Mais le succès peut aisément être attribué à son ambiance hors du commun : Duke multiplie les références et n’hésitent pas à proposer des easter-eggs à tous les coins de niveaux, que ce soit le cadavre d’un Space Marine bien planqué, ou des situations rappelant les grands succès cinématographiques de l’époque. Le personage de Duke, ainsi que la pochette du jeu et l’ambiance générale, s’inspire ainsi fortement de la saga Evil Dead, qui présente aussi un héros bavard et vanneur aux prises avec une invasion (de morts vivants) dans une influence série Z/gore fortement prononcée. C’est finalement tout ce contexte qui a permis un tel succès du Duke, qui accumule les situations de mauvais gouts ou provocatrices : les principales visites se font dans des clubs de stripteases, où Duke peut même donner de l’argent pour apercevoir certaines parties de l’anatomie féminine, dans des salles de cinéma porno, ou dans des prisons.
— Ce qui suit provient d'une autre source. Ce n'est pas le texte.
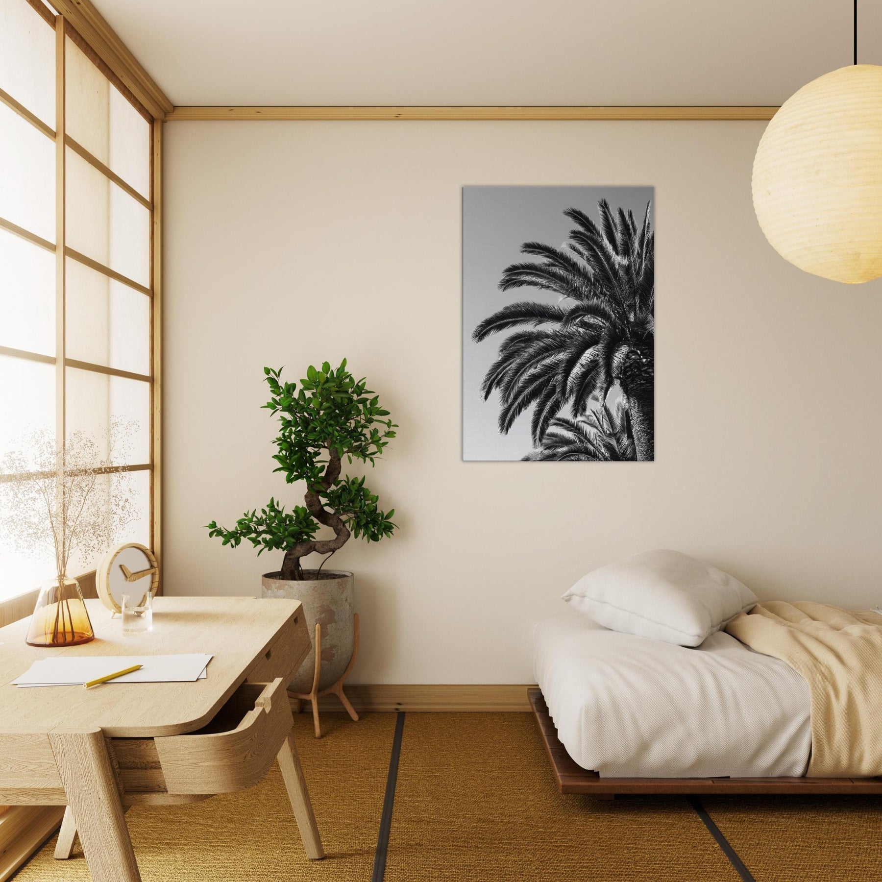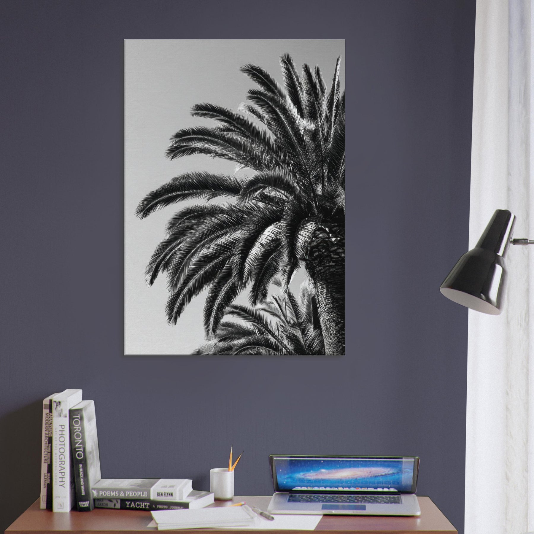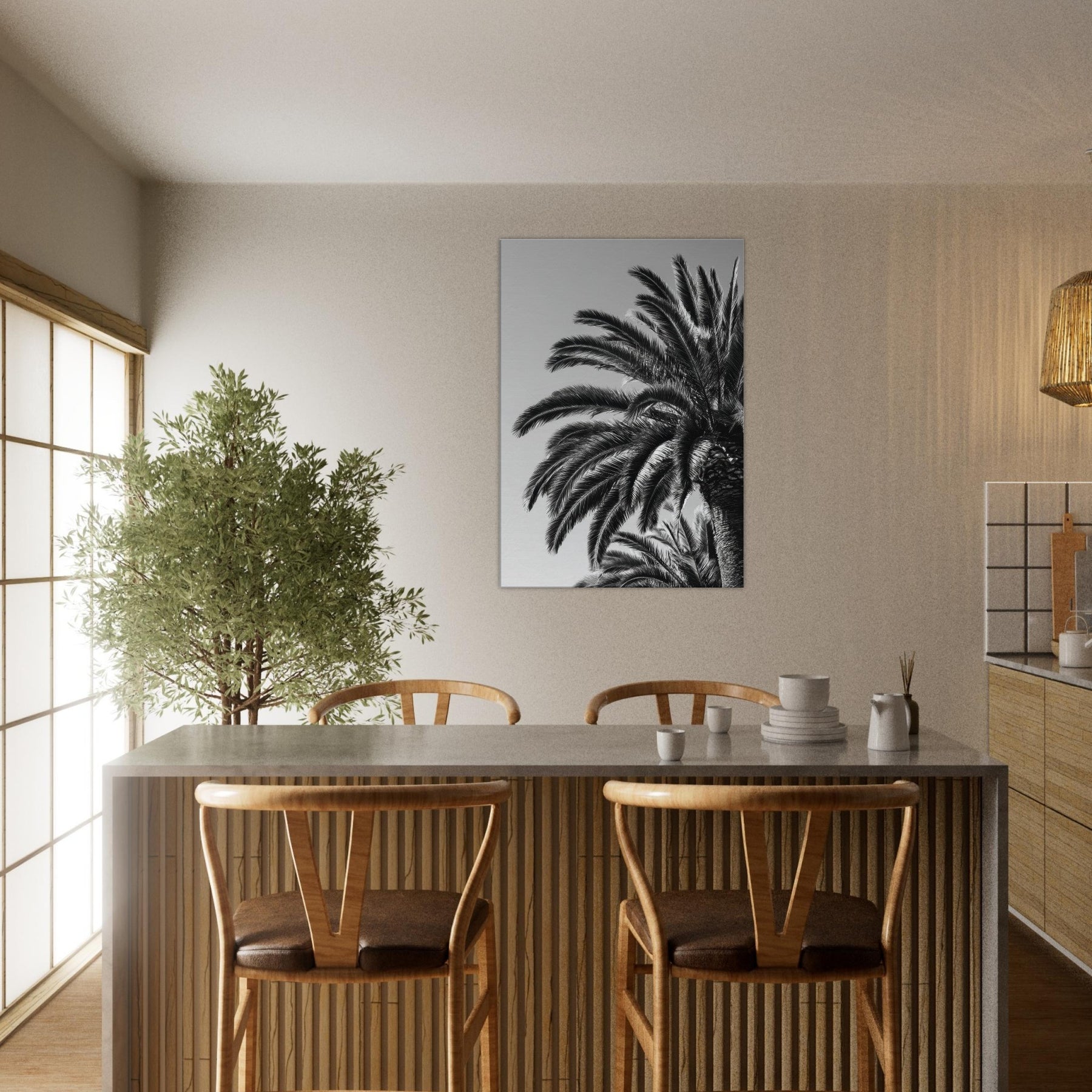 The Primary Subject, Palm Leaves, unfurls in elegant contrast against a quiet monochrome field, drawing the eye with clean lines and whispering texture. This black and white study fuses tropical mood with urban calm, turning a wall into a window of shade and light. The atmosphere feels airy yet grounded, like a sunlit courtyard at dusk. In your living space, it partners effortlessly with neutral tones and sculptural furniture, offering a serene focal point that deepens mood without shouting.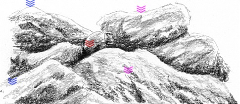 Dabei lasse ich wieder weiße Stellen frei, denn sie liegen im Licht (blaue Pfeile). Was mir bei einer Felsgruppe wie dieser wichtig ist, sind hin und wieder ein paar scharfe Kanten (rosa Pfeile). Bis hierhin hatte ich den tiefen Schatten vor dem kleinen Stein (roter Pfeil) vergessen. Mit ihm wirkt die Szene gleich viel plastischer. So, schon sind wir so gut wie am Ende. Natürlich könnte man ewig weiter zeichnen, doch irgendwann sollte man doch aufhören. Nur der hintere Felsen ist über dem kleinen Stein (in der Mitte) nicht fertig. Also bekommt er noch eine schattige Seite dazu.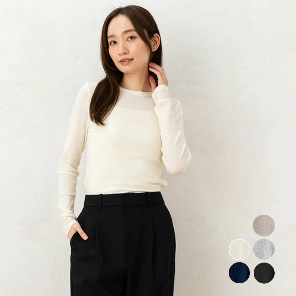 伸び良い生地で、締め付けない柔らかなフィット感。 かといってゆるすぎず洗練された印象になる絶妙なシルエットです。 ※【エクリュ】は若干シアー感(透け感)があります。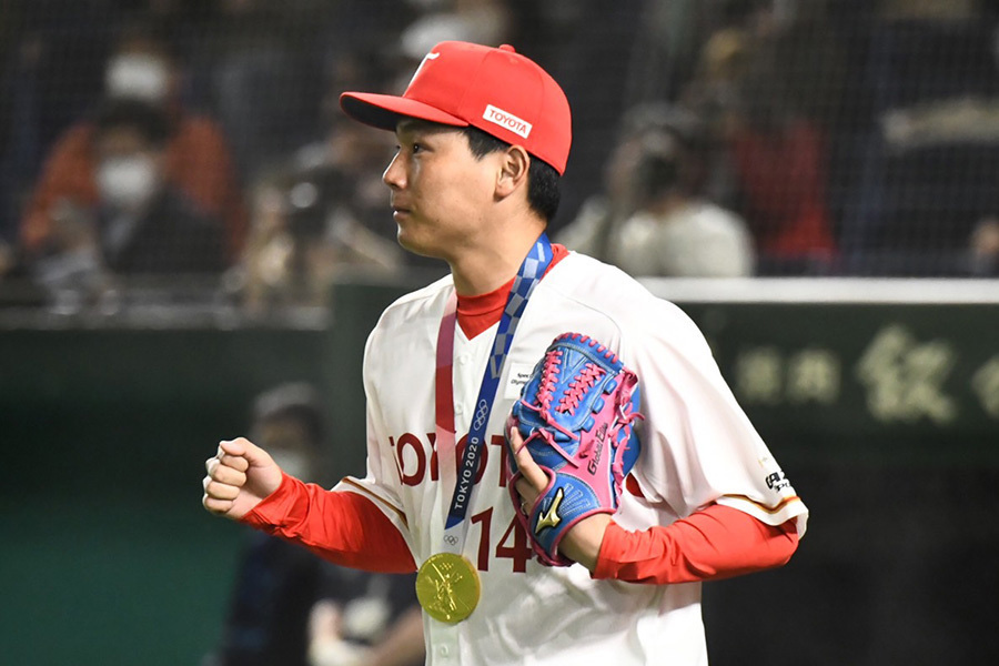 トヨタ自動車時代の背番号14のユニホームを身に着け、今夏の東京五輪で獲得した金メダルを首にかけて登場した栗林の投球は高めに抜けるボールとなり「緊張があった中でいいボールは投げられませんでしたが、無事に投げられてよかった。マウンドを汚さないことと、バッターに当てないことだけを考えた」と笑顔を見せた。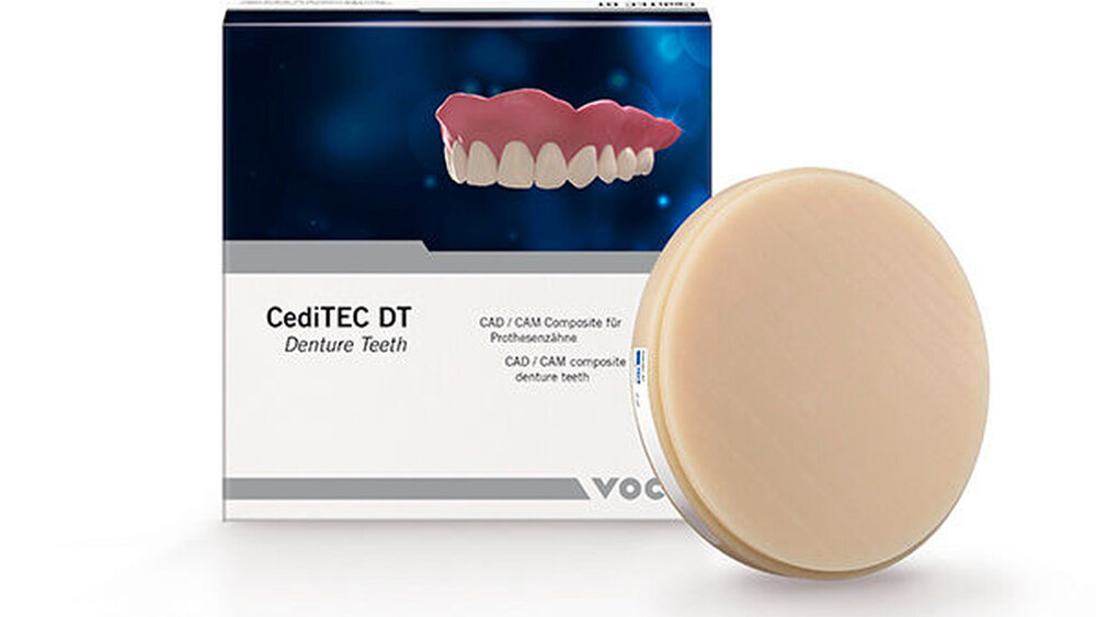 Von Protheseneinzelzähnen über Zahnsegmente bis zum kompletten Zahnkranz für die herausnehmbare Prothetik: Mit CediTEC DT lassen sich mittels CAD / CAM-Fräsverfahren schnell und sehr präzise individuelle Prothesenzähne erstellen. Die vier Farben A1, A2, A3 und BL, die weitere Möglichkeit zur farblichen Anpassung sowie die transluzente Farbgebung sorgen für eine hohe Ästhetik. Das innovative Material lässt sich mühelos polieren – für einen natürlichen Glanz. Das bereits ausgehärtete Composite wird in der Disc-Form angeboten, die mit ihrem Durchmesser von 98 mm und einer Höhe von 20 mm in alle universellen Disc-Halterungen von marktüblichen Fräsgeräten passt.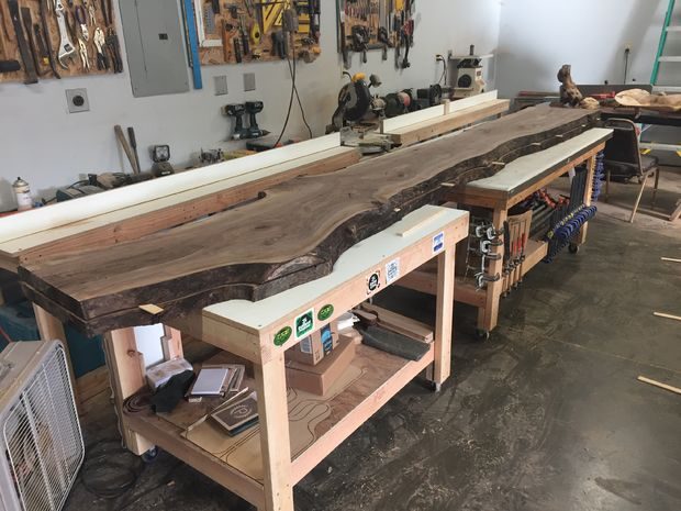 — Столешница с не обрезными краями с двух сторон, состоящая из двух отдельных ореховых досок.

Le jeu verra débarquer pas mal d’extensions, certaines centrées sur le Pôle Nord ou les plages paradisiaques. La principale et seule que j’ai pu terminer, le Plutonium Pack, ajoute toute une campagne qui démarre dans un niveau parodiant totalement Mission Impossible, comprenant même la descente en rappel dans la salle de l’ordinateur, et un niveau incroyable dans un fast-food (je veux un Duke Burger chez moi !) rajoutant une nouvelle arme assez énorme, l’Expander, qui permet de faire exploser les ennemis de l’intérieur, et un nouvel ennemi hyper résistant bien inspiré des méchants de ID4. Une extension, et c’est rare, peut-être même meilleure que le jeu original.

Bâtaaaaaaaaaaaaaaaaaaaaaard !

Duke restera aussi le premier jeu en réseau de ma vie, utilisant la connexion Internet limitée à 5h par mois de ma sœur pour  jouer via Kali contre des mecs douze fois plus forts que moi, à voir des blaireaux tomber dans le piège d’un HoloDuke bien placé. Le jeu ne proposait d’ailleurs qu’un coop ou un DukeMatch, ainsi qu’un Capture The Flag si on possédait l’extension.

Beaucoup de jeux utiliseront la licence par la suite, mais jamais aucun n’atteindra une telle maestria, à part peut-être le Time to Kill PSOne. Le seul véritable successeur se trouve être Shadow Warrior, jeu également bien barré reposant sur le même principe et le même moteur, transposant l’univers dans un Japon médiévalo-futuriste assez fendart (couper un ennemi au katana, miam)… Jusqu’à Duke Forever…

Jeu devenu mythique, je ne peux que vous encourager à le terminer avant d’attaquer Forever tant encore aujourd’hui il est exceptionnel. Il propose de purs moments de folie et un sacré challenge (le terminer dans le dernier mode de difficulté où les ennemis ressuscitent tant que leurs cadavres n’ont pas été réduits en morceaux à coup d’explosifs est un exploit) , et trouver toutes les références croisées au fil des niveaux vous occupera un bon moment. Un pack de textures est d’ailleurs disponible pour rendre le jeu plus agréable à l’œil, comme cela avait aussi été fait pour le premier Deus Ex.